**PROBLEM**
The records below are to be written out exactly, with every picture omitted.
********************
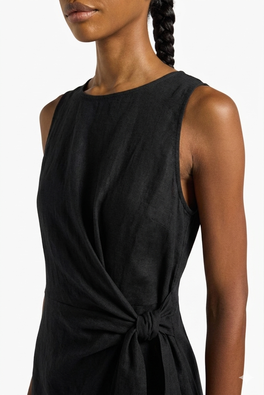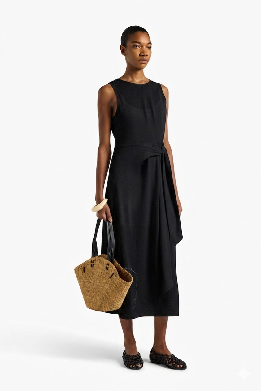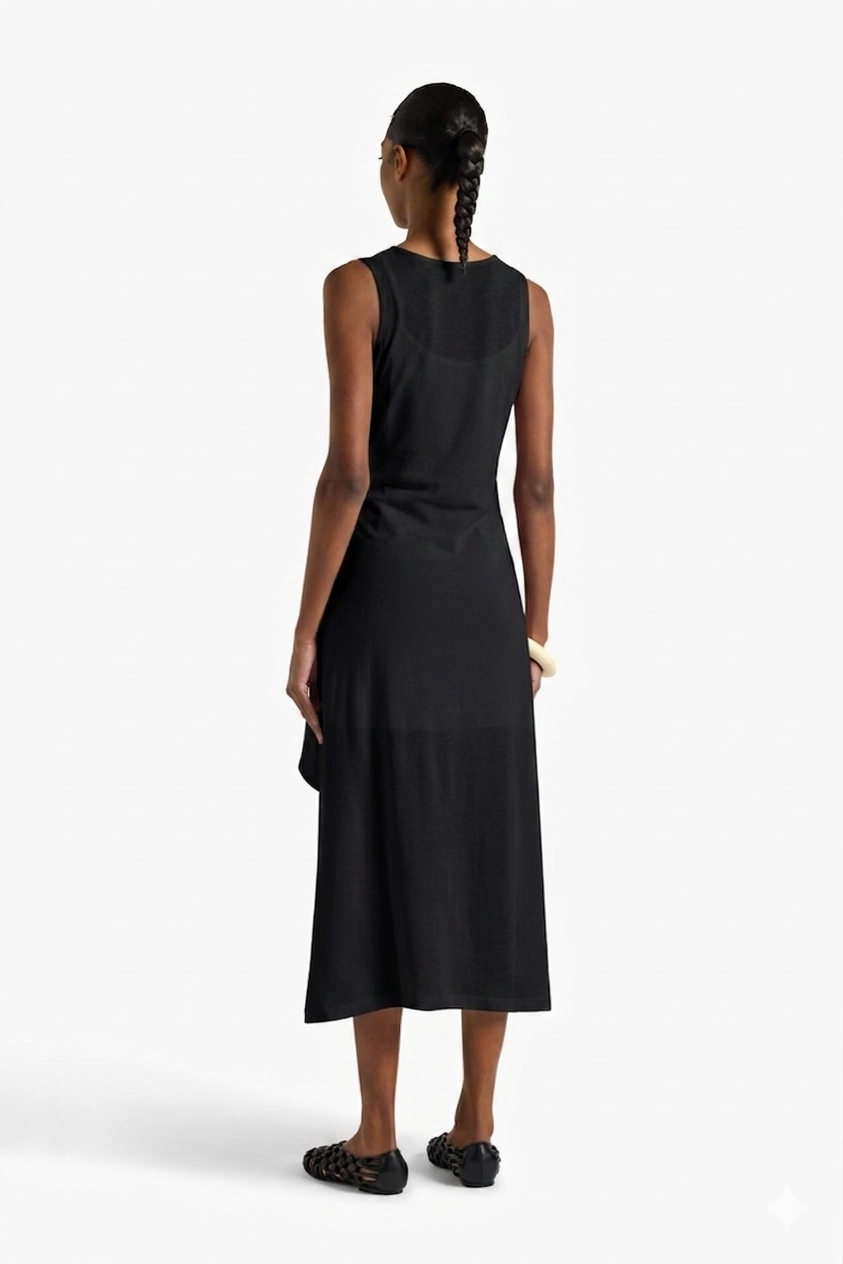 ABITO SMANICATO IN JERSEY CREPE 100% COTONE ORGANICO A CANOTTA CON NODO LATERALE SUL FIANCO SX CHE CREA UN MOTIVO DI DRAPPEGGIO SUL DAVANTI. LINEA DRITTA, LUNGHEZZA AL POLPACCIO. SOTTOVESTE INCLUSO.
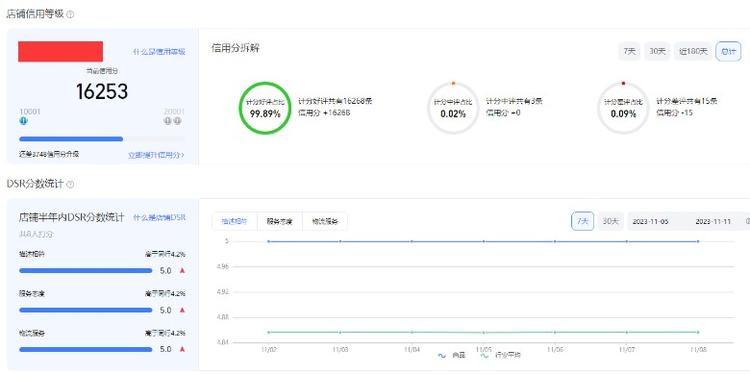 店铺的基本信息请看图一,图二。2020年3月开始做的店铺,目前做了16253单,再做3700单就可以两皇冠。
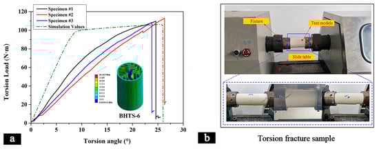 Torsion properties of the different BHTSs. (a) Torsional strength between the experimental and the simulation results for the BHTS-6; (b) torsion properties test.
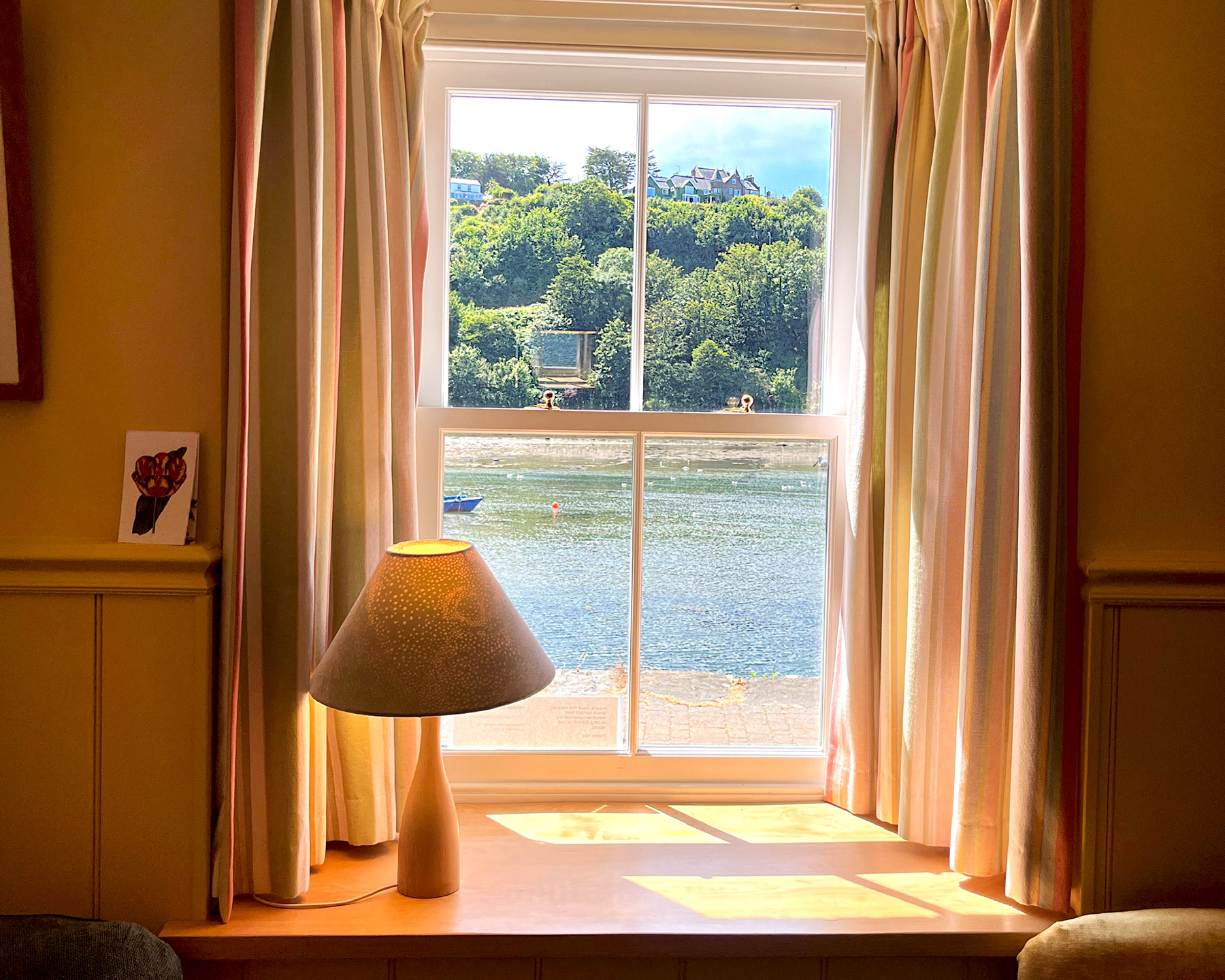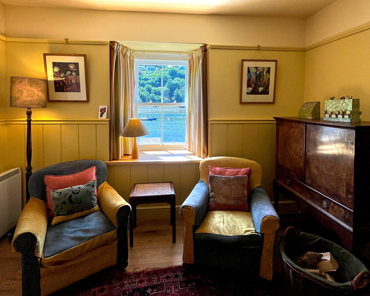 Up the stairs, with a lovely old wooden banister rail around the landing, are three harbour-facing bedrooms – one with a king-sized bed, the tiny “pink” room with a 2’6″ bed and the third room with twin beds (one with a trundle bed underneath). The two divans in this room can be made into a super-king on request. The good sized bathroom has a large separate shower, a bath, toilet and washbasin.
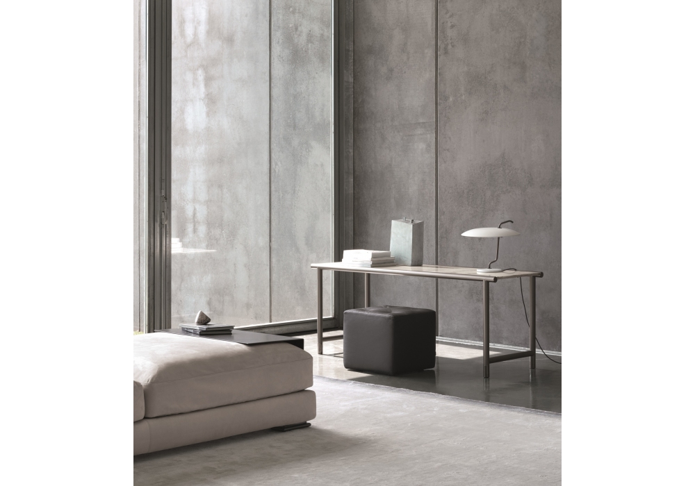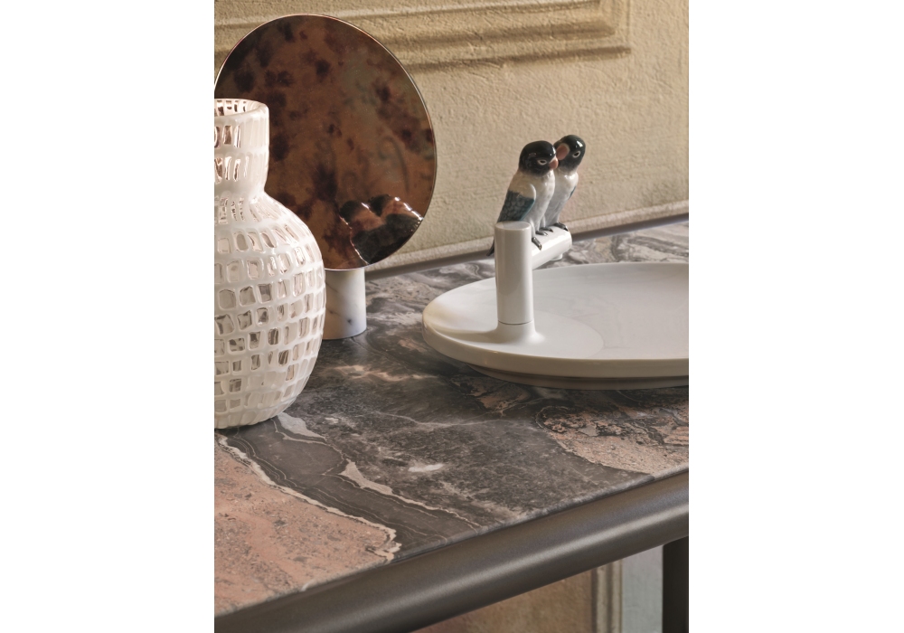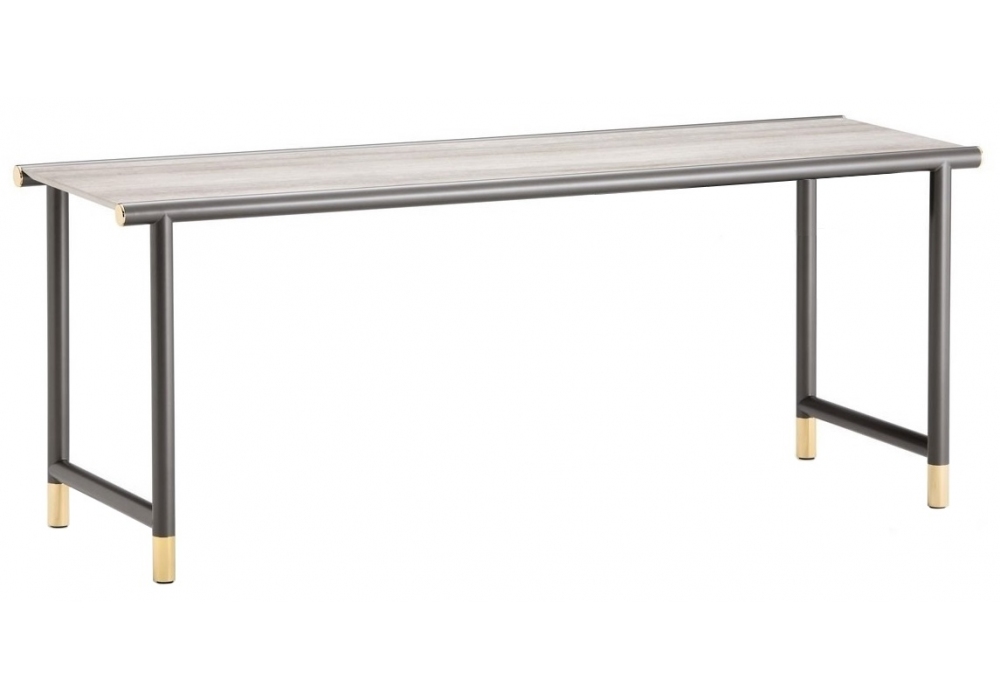 Iko conçue par Rodolfo Dordoni pour Flou est une console avec structure en tubes d'acier disponible en bruni mat. Détails en or brillant ou en nickel noir brillant. Plateau en ébène ou en marbre.
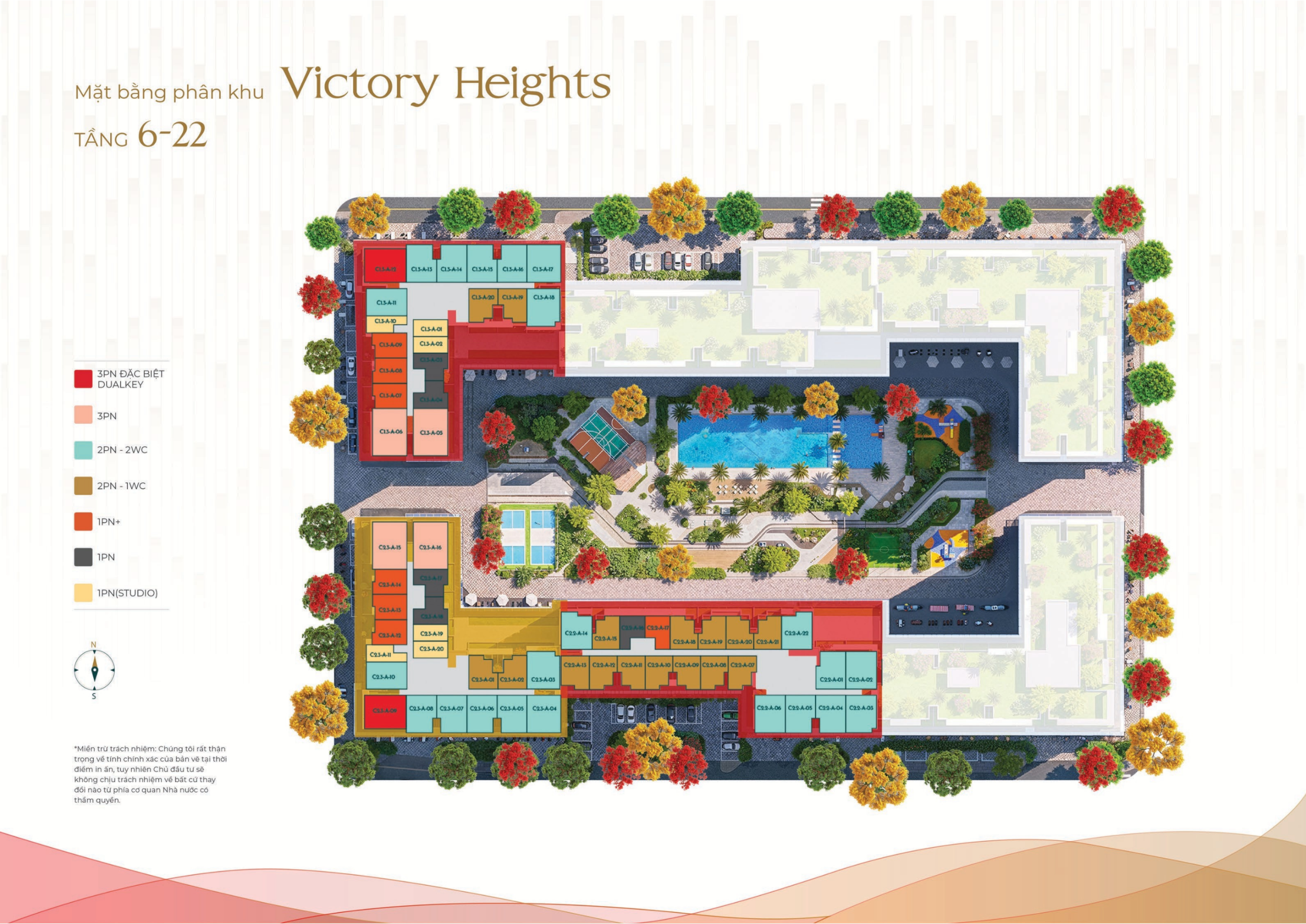 | Chiều cao tầng | Từ 18 đến 33 tầng (tùy phân khu) |
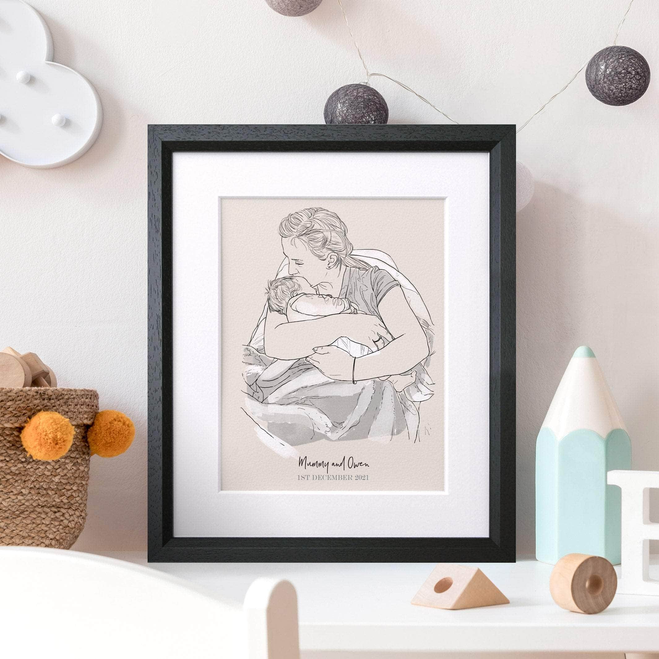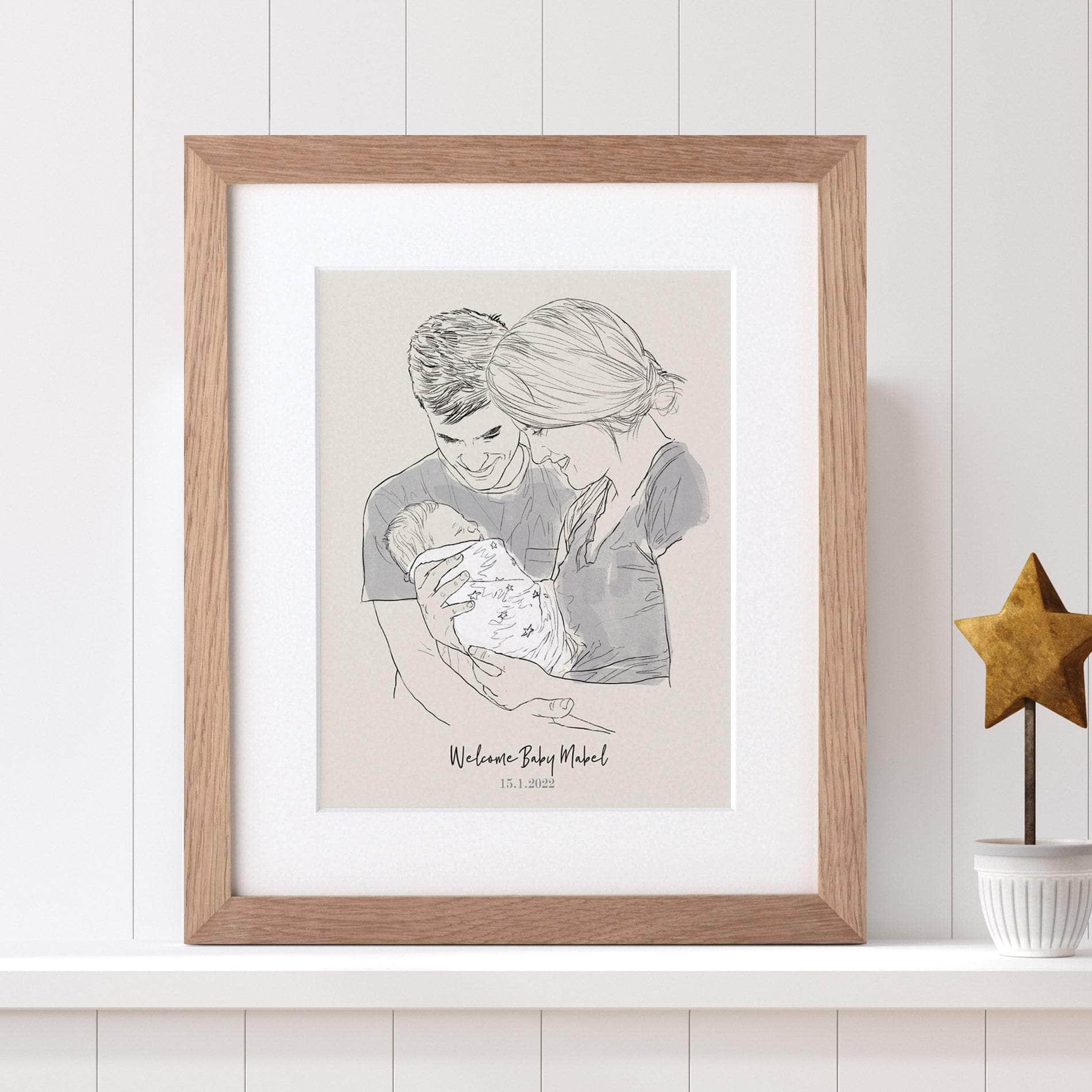 A black and white hand drawn watercolour sketch based on your photo, printed and personalised with your choice of text below. A beautiful family portrait - the perfect gift for new parents.
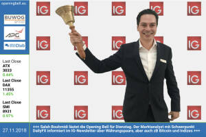27.11.: Salah Bouhmidi läutet die Opening Bell für Dienstag. Der Marktanalyst mit Schwerpunkt DailyFX informiert im IG-Newsletter über Währungspaare, aber auch zB Bitcoin und Indizes www.facebook.com groups GeldanlageNetwork 26.11.: Johannes Osrael läutet die Opening Bell für Montag. Der Ex-TeleTrader Geschäftsführer leitet nun beim S&P500 Medizintechnik-Unternehmen BD in Wien die techn. Entwicklung. http: www.bd.com www.facebook.com groups GeldanlageNetwork 23.11. : Madlen Stottmeyer läutet die Opening Bell für Freitag. Die Wirtschaftsjournalistin moderierte dieser Tage die von Wirtschaftsagentur und Bankenverband initiierte „Fintech Week Vienna“ 22.11.: Julian Wöhrle und Christoph Thurnberger mit der Opening... » Weiterlesen
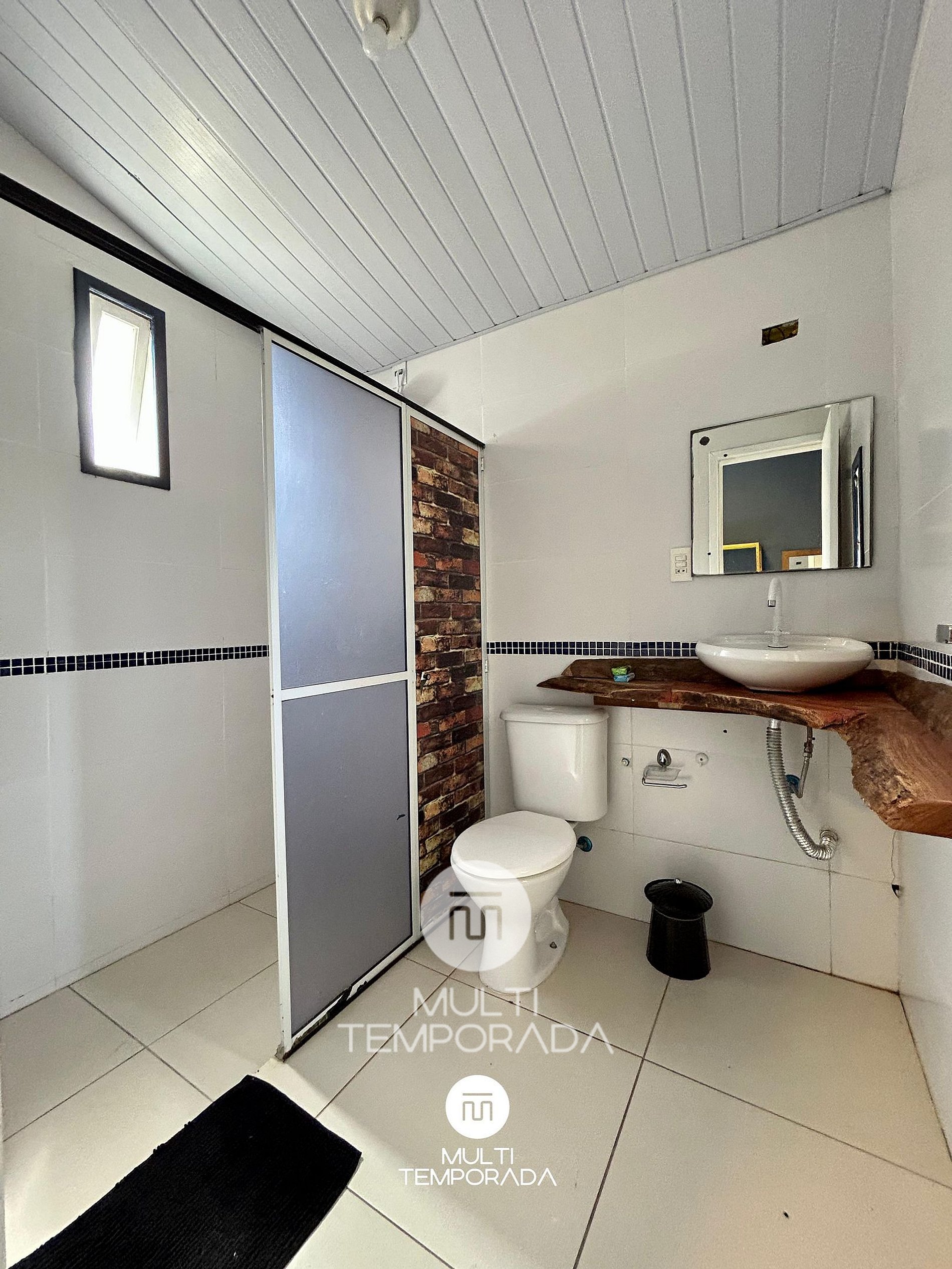 Além da suíte, a pousada dispõe de banheiro compartilhado, destinado ao uso das áreas comuns, mantido com organização e conforto.
********************
**ANSWER BOX**
 ABITO SMANICATO IN JERSEY CREPE 100% COTONE ORGANICO A CANOTTA CON NODO LATERALE SUL FIANCO SX CHE CREA UN MOTIVO DI DRAPPEGGIO SUL DAVANTI. LINEA DRITTA, LUNGHEZZA AL POLPACCIO. SOTTOVESTE INCLUSO.
 店铺的基本信息请看图一,图二。2020年3月开始做的店铺,目前做了16253单,再做3700单就可以两皇冠。
 Torsion properties of the different BHTSs. (a) Torsional strength between the experimental and the simulation results for the BHTS-6; (b) torsion properties test.
 Up the stairs, with a lovely old wooden banister rail around the landing, are three harbour-facing bedrooms – one with a king-sized bed, the tiny “pink” room with a 2’6″ bed and the third room with twin beds (one with a trundle bed underneath). The two divans in this room can be made into a super-king on request. The good sized bathroom has a large separate shower, a bath, toilet and washbasin.
 Iko conçue par Rodolfo Dordoni pour Flou est une console avec structure en tubes d'acier disponible en bruni mat. Détails en or brillant ou en nickel noir brillant. Plateau en ébène ou en marbre.
 | Chiều cao tầng | Từ 18 đến 33 tầng (tùy phân khu) |
 A black and white hand drawn watercolour sketch based on your photo, printed and personalised with your choice of text below. A beautiful family portrait - the perfect gift for new parents.
27.11.: Salah Bouhmidi läutet die Opening Bell für Dienstag. Der Marktanalyst mit Schwerpunkt DailyFX informiert im IG-Newsletter über Währungspaare, aber auch zB Bitcoin und Indizes www.facebook.com groups GeldanlageNetwork 26.11.: Johannes Osrael läutet die Opening Bell für Montag. Der Ex-TeleTrader Geschäftsführer leitet nun beim S&P500 Medizintechnik-Unternehmen BD in Wien die techn. Entwicklung. http: www.bd.com www.facebook.com groups GeldanlageNetwork 23.11. : Madlen Stottmeyer läutet die Opening Bell für Freitag. Die Wirtschaftsjournalistin moderierte dieser Tage die von Wirtschaftsagentur und Bankenverband initiierte „Fintech Week Vienna“ 22.11.: Julian Wöhrle und Christoph Thurnberger mit der Opening... » Weiterlesen
 Além da suíte, a pousada dispõe de banheiro compartilhado, destinado ao uso das áreas comuns, mantido com organização e conforto.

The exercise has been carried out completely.